▸ **YOUR GOAL**
Below are records; the lines starting at the one with "LDA City Lahore" and ending at the one with "Gießen, den 29. September 1939." must be reproduced exactly, both included. Pictures must not appear.

▸ **AVAILABLE RECORDS**
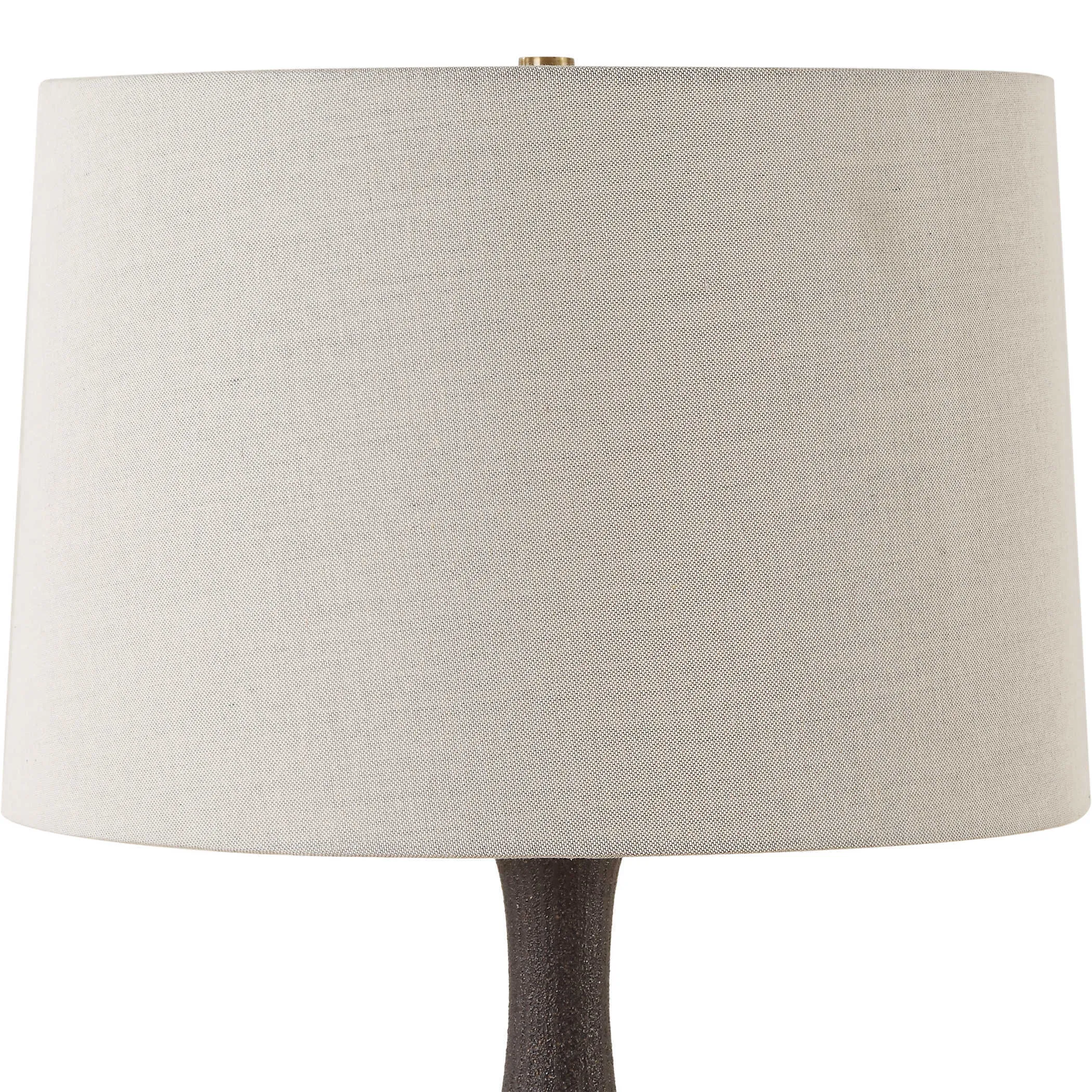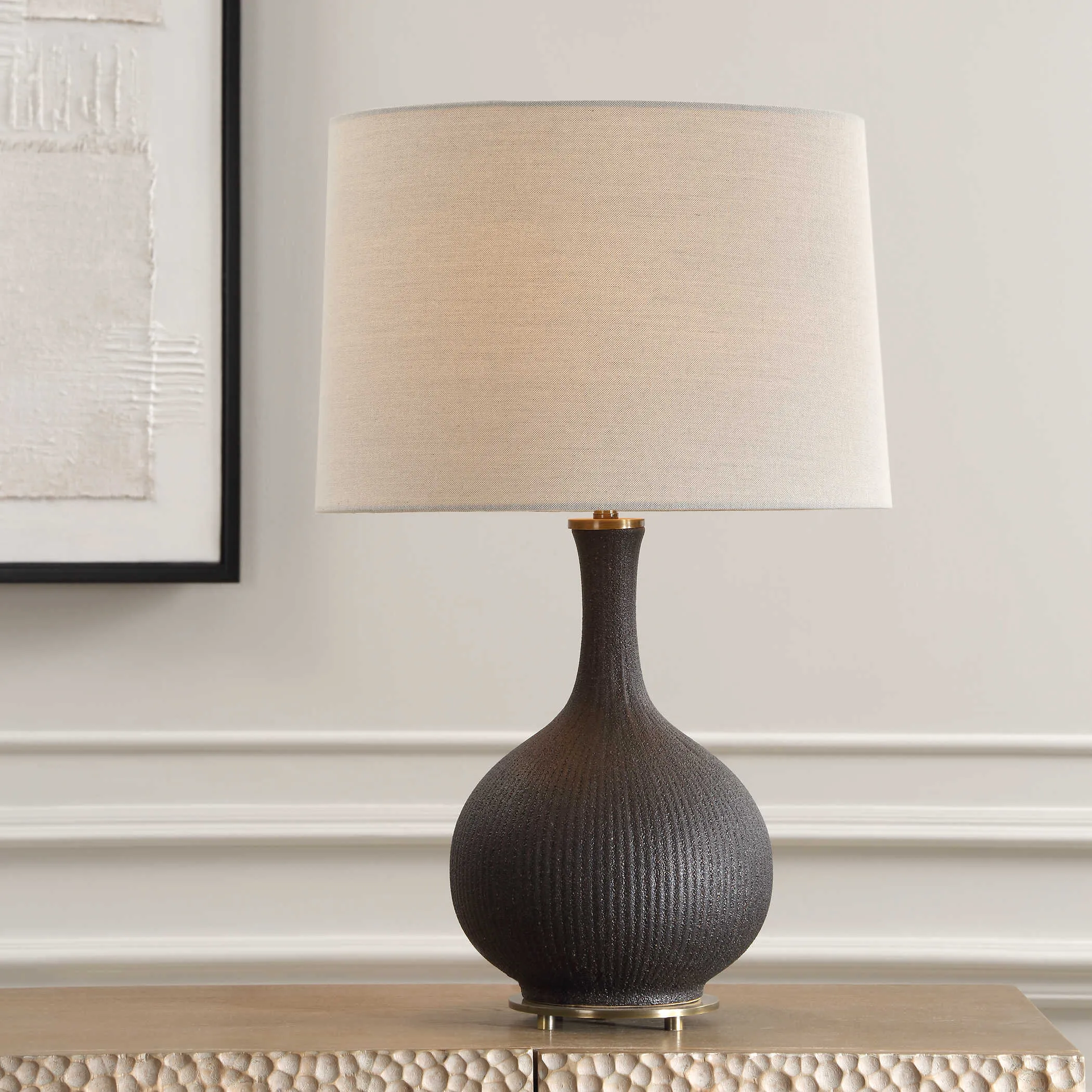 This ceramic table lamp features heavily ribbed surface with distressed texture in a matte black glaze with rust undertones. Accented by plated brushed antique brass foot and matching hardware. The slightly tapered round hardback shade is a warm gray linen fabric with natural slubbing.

...

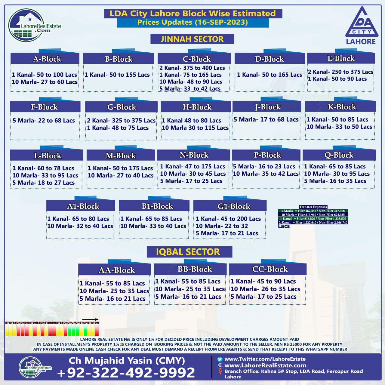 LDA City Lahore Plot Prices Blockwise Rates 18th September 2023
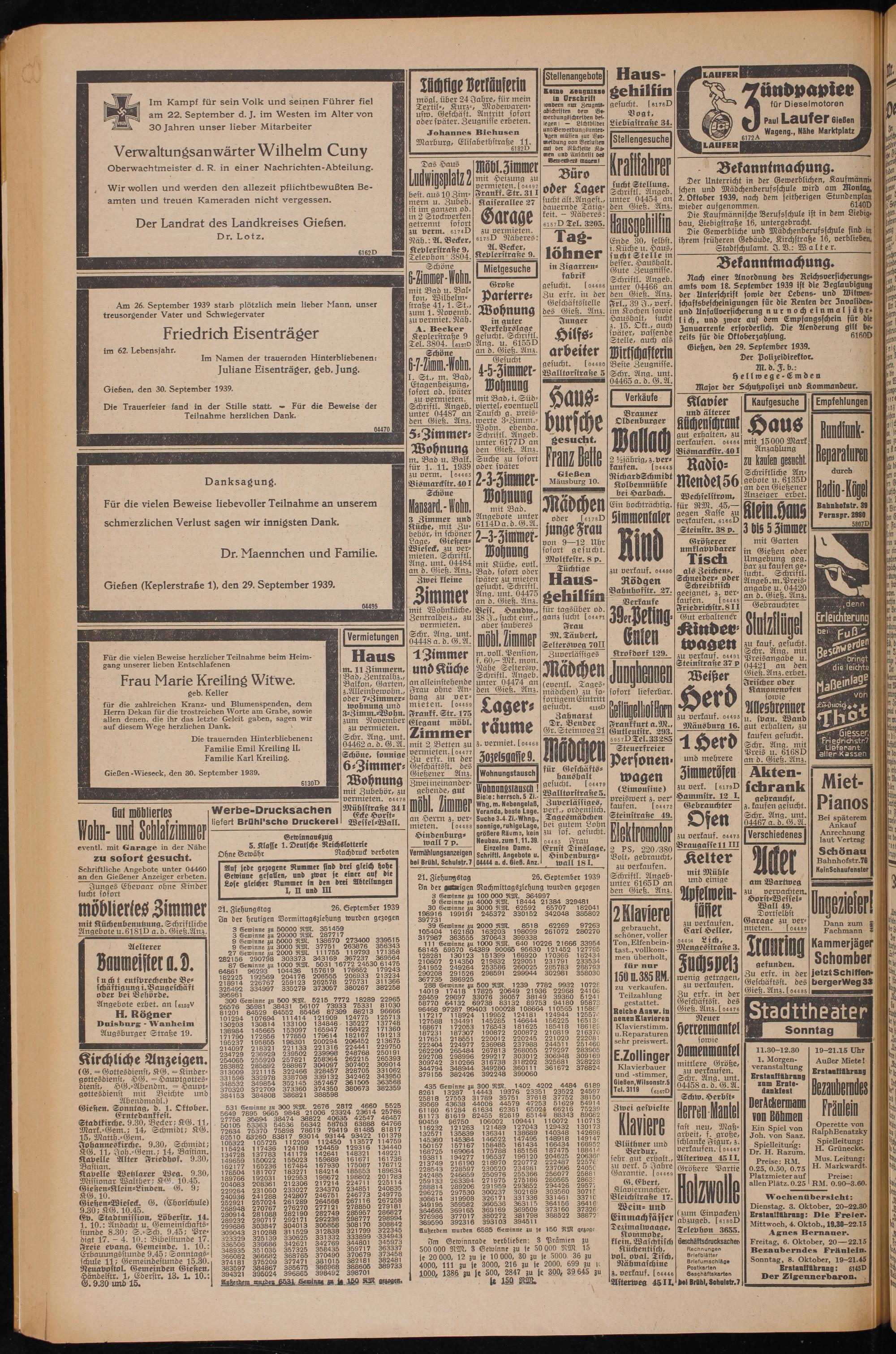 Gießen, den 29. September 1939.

▸ **SOLUTION TO THE PROBLEM**
 LDA City Lahore Plot Prices Blockwise Rates 18th September 2023
 Gießen, den 29. September 1939.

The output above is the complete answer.